Work has started on the controversial toll plaza on Chapmans Peak Drive, despite continued protests and objections by some groups and residents. Photo: David Ritchie

Construction on the new toll plaza on Chapman’s Peak Drive has begun, and Transport and Public Works MEC Robin Carlisle says he expects it to be operational by Easter next year.

Work on the highly controversial project began on Monday despite numerous protests by various groups and residents.

The Hout Bay Residents’ Association met its lawyers late on Monday to discuss possible interdict action.

Chairman Len Swimmer confirmed they had discussed the matter with their attorneys and senior and junior counsel and were now waiting for their opinion.

“There’s a lot to take into consideration and we need more certainty. It’s a very tricky situation – that’s the reality,” he said Tuesday morning.

“They (the province) are going to throw everything at us in their defence and they have no shortage of taxpayers’ money.”

Some residents made a last-minute appeal to Western Cape Premier Helen Zille to stop the work, but Carlisle said concession holder Entilini had been given the go-ahead last week.

“We had expected construction to have started as soon as the construction holiday was over, but there were legal issues to address,” he said.

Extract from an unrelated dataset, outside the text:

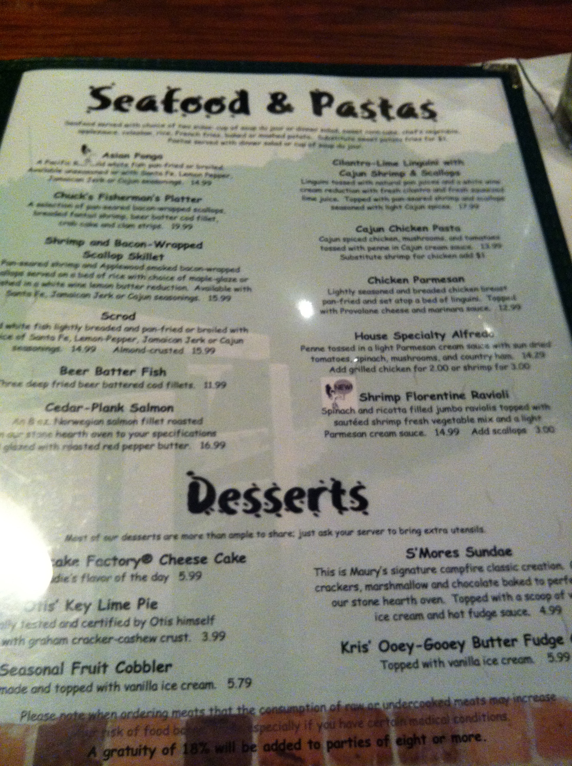 Off to a sweet start, we both perused the menu for a time and decided on seafood for our entrees. Kozmo’s offers a broad selection of seafood dishes that you don’t find on too many local menus.

The Civil Rights Action Group (Crag), one of the groups opposing the toll plaza, held a press conference at Chapman’s Peak on Monday, accusing the province of refusing to meet it.

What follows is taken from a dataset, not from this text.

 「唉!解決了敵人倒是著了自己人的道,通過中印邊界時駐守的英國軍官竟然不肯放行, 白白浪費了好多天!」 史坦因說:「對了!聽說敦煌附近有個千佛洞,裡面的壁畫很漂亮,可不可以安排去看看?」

Crag co-ordinator Terry Wyner said they wanted the province to explain the need for a tolling system and office space on the mountain, and to explain why it was “rushing”.

“We are dead against having to pay to walk on the mountain. If tolling is really necessary why are they using 20- to 30-year-old technology that will affect the mountain badly?” he asked.

Carlisle dismissed the group’s objections and its claims that he had refused to meet them.

“We’re always happy to talk to anyone.”

He insisted on Monday that everyone would still have access to the mountain and that the free day pass would remain.

“If you are on a bicycle, or walking, you can walk where you will, but you may not walk from the top of Chappies downwards because it’s very dangerous.

“If you wish to picnic or climb anywhere on Hout Bay side, now and in the future, you will get a day pass which costs you nothing,” Carlisle said.

In an e-mail on Monday, Crag appeared to be resigned to construction of the toll plaza.

“After many, many years of battle, it looks as though the public’s fight to save the natural beauty of Chapman’s Peak Drive is about to be defeated... Please help us expose this act of gross bureaucratic power gone wrong.”

The group appealed to Zille to intervene “in a last-ditch effort to get the provincial government of the Western Cape to see sanity prevail”.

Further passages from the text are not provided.